§ **What this task involves**
Set down, word for word, every line of the material below from the one containing "上記のボタンから「1桁の小数" through the one containing "- Scan the QR", but none of its pictures.

§ **Listed records**
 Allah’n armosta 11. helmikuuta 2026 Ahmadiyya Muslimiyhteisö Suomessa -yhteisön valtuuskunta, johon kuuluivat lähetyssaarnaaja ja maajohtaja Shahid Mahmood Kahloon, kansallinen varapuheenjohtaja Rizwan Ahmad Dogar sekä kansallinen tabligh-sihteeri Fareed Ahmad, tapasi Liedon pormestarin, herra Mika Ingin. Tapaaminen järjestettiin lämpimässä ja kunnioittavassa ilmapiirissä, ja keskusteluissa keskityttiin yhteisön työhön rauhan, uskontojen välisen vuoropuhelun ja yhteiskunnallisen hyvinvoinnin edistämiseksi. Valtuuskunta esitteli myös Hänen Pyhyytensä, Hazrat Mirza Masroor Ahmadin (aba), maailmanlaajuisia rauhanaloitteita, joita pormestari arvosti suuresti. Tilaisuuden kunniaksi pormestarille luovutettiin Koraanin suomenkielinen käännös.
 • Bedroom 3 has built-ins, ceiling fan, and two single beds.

--

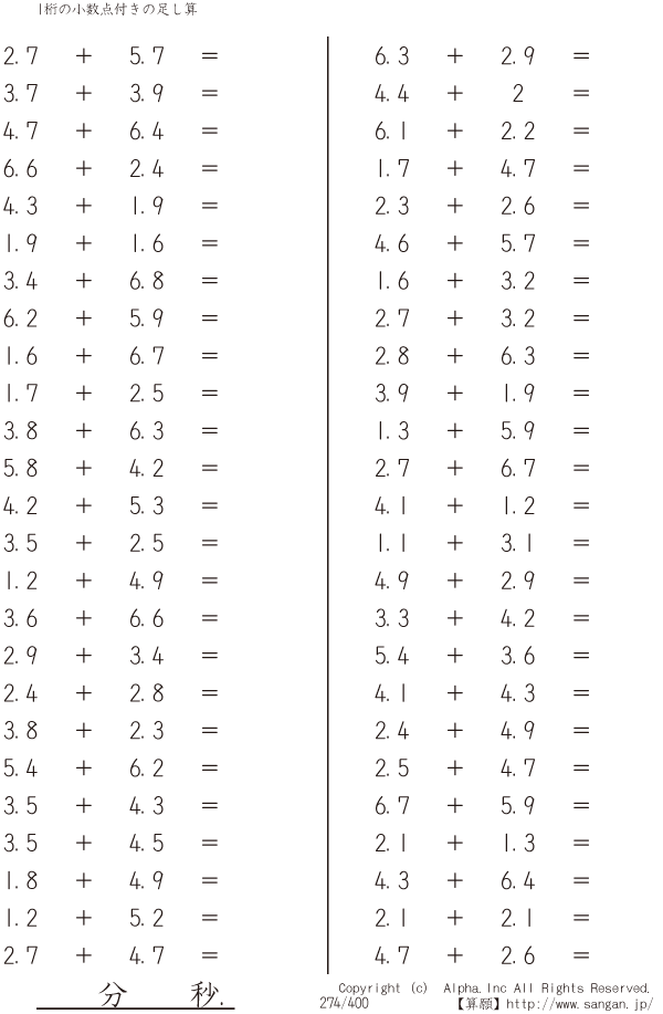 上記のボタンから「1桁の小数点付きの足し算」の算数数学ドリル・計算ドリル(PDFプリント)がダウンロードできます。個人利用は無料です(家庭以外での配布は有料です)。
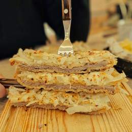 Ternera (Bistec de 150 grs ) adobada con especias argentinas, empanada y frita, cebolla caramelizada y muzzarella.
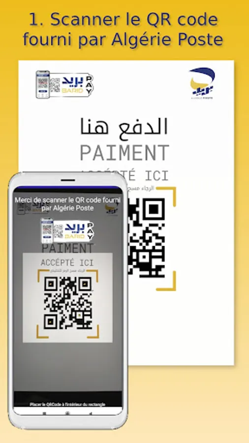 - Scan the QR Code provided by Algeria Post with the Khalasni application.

==

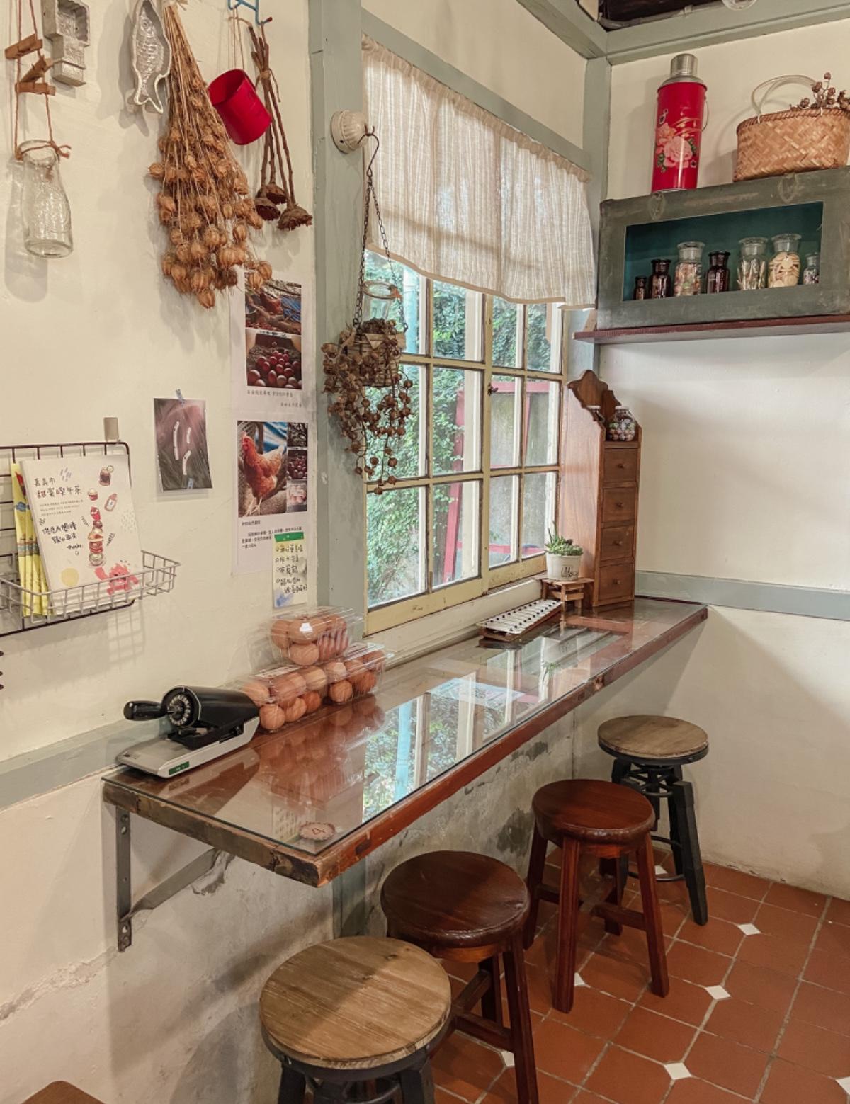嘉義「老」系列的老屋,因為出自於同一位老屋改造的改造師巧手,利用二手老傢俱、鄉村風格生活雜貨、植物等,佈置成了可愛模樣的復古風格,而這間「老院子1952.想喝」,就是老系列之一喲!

§ **Answer to this exercise**
 上記のボタンから「1桁の小数点付きの足し算」の算数数学ドリル・計算ドリル(PDFプリント)がダウンロードできます。個人利用は無料です(家庭以外での配布は有料です)。
 Ternera (Bistec de 150 grs ) adobada con especias argentinas, empanada y frita, cebolla caramelizada y muzzarella.
 - Scan the QR Code provided by Algeria Post with the Khalasni application.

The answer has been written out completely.